Lower Bounds for Traitor Tracing?

Traitor Tracing Background

Consider the following setting: a distributor broadcasts content to a large number $N$ of recipients. To prevent unauthorized users from accessing the broadcast, the broadcast is encrypted, and each authorized user is given a key to decrypt.

The question, first formally raised by Chor, Fiat, Naor, and Pinkas in 1994, is what to do about an authorized user who leaks their key. Such a leak would allow any un-authorized user to access the broadcast. But, especially if the key is a digital key, there is not much that can be done to actually stop this behavior. So what can be done? Well, at least upon discovery of the leaked key, one may hope to identify (or "trace") the "traitor". The ability to identify a traitor would discourage leaking the key, since the traitor could then be punished. It also helps mitigate the threat, since the traitor's key could be revoked.

It turns out to be surprisingly non-trivial to achieve such tracing in a robust way. For example, a trivial system would just use a single global key $k$ for encryption/decryption (or perhaps a secret/public key pair $({\sf sk},{\sf pk})$ for a public key scheme). Then user $i$'s individual secret key ${\sf sk}_i$ is just $k$ together with $i$: ${\sf sk}_i=(k,i)$. To trace such a key, one simply outputs $i$. But of course, a traitor can easily evade tracing be deleting $i$ and just leaking the global key $k$. More generally, they can try various methods to obfuscate their key. We want, as long as the traitor produces some program capable of decrypting the broadcast, we can trace that program to the traitor, even if the program looks nothing like an original key for the system.

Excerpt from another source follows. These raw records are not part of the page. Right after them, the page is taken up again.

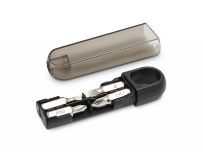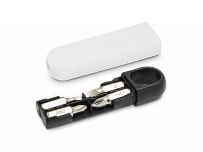 These compact screwdriver sets, which have two conventional and two Phillips screwdriver bits are a handy branded item. The outer housing acts as the screwdriver head and has a magnetic port to hold the selected bit in place makes this a convenient fix it screwdriver.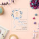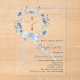 Ein klarer, transparenter Hintergrund, verziert mit wasserfarbenen blauen Blumen in einem Kranz, einem blauen Band und einem goldenen Kreuz. Personalisieren und fügen Sie einen Namen und Details hinzu.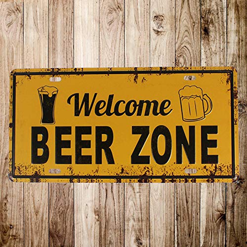 Beer Zone Segno Arredo Per Il Bar Pub Club E Ristorante Per Il Promozione Della Birra Size 30x15cm 1x Birra Metallo Di Bottiglia Di Birra E Tazza Con Parola Welcome Itemer Pubblicita

Worse, maybe multiple traitors pool their keys to create one decoder program. We want to be able to trace to at least one of the traitors. In the most general form, called "collusion-resistant" traitor tracing, we want that even if all but a single user collude, we can identify one of the traitors, without ever accusing the single honest user.

The "Baseline" Scheme. A quite simple solution is to simply give each of the $N$ users their own unique key ${\sf sk}_i$ for a plain encryption scheme. To broadcast a message $m$, simply encrypt $m$ separately under each of the ${\sf sk}_i$, obtaining $N$ individual ciphertexts $c_i$. Then the broadcast is just all of the ciphertexts together $c=(c_i)_{i\in[N]}$. To trace, replace $c_i$ for $i>t$ with junk ciphertexts, and let $p_t$ be the probability that the decoder decrypts successfully. For $t=N$, all $c_i$ remain valid, so the decoder decrypts by assumption and therefore $p_N$ is large. For $t=0$, all $c_i$ are junk, so the decoder has no hope of decrypting, meaning $p_0$ is small. By the triangle inequality, there must exist a "jump": some $t$ such that $p_t$ and $p_{t-1}$ are noticeably far apart. Meanwhile, if user $t$ is not a traitor, $p_t$ and $p_{t-1}$ are close. This is because only difference is whether $c_t$ is valid or junk, and since the decoder doesn't have ${\sf sk}_t$, it cannot tell the difference by the security of the encryption scheme. Thus, a jump exists, and it must exist at a traitor, allowing us to trace.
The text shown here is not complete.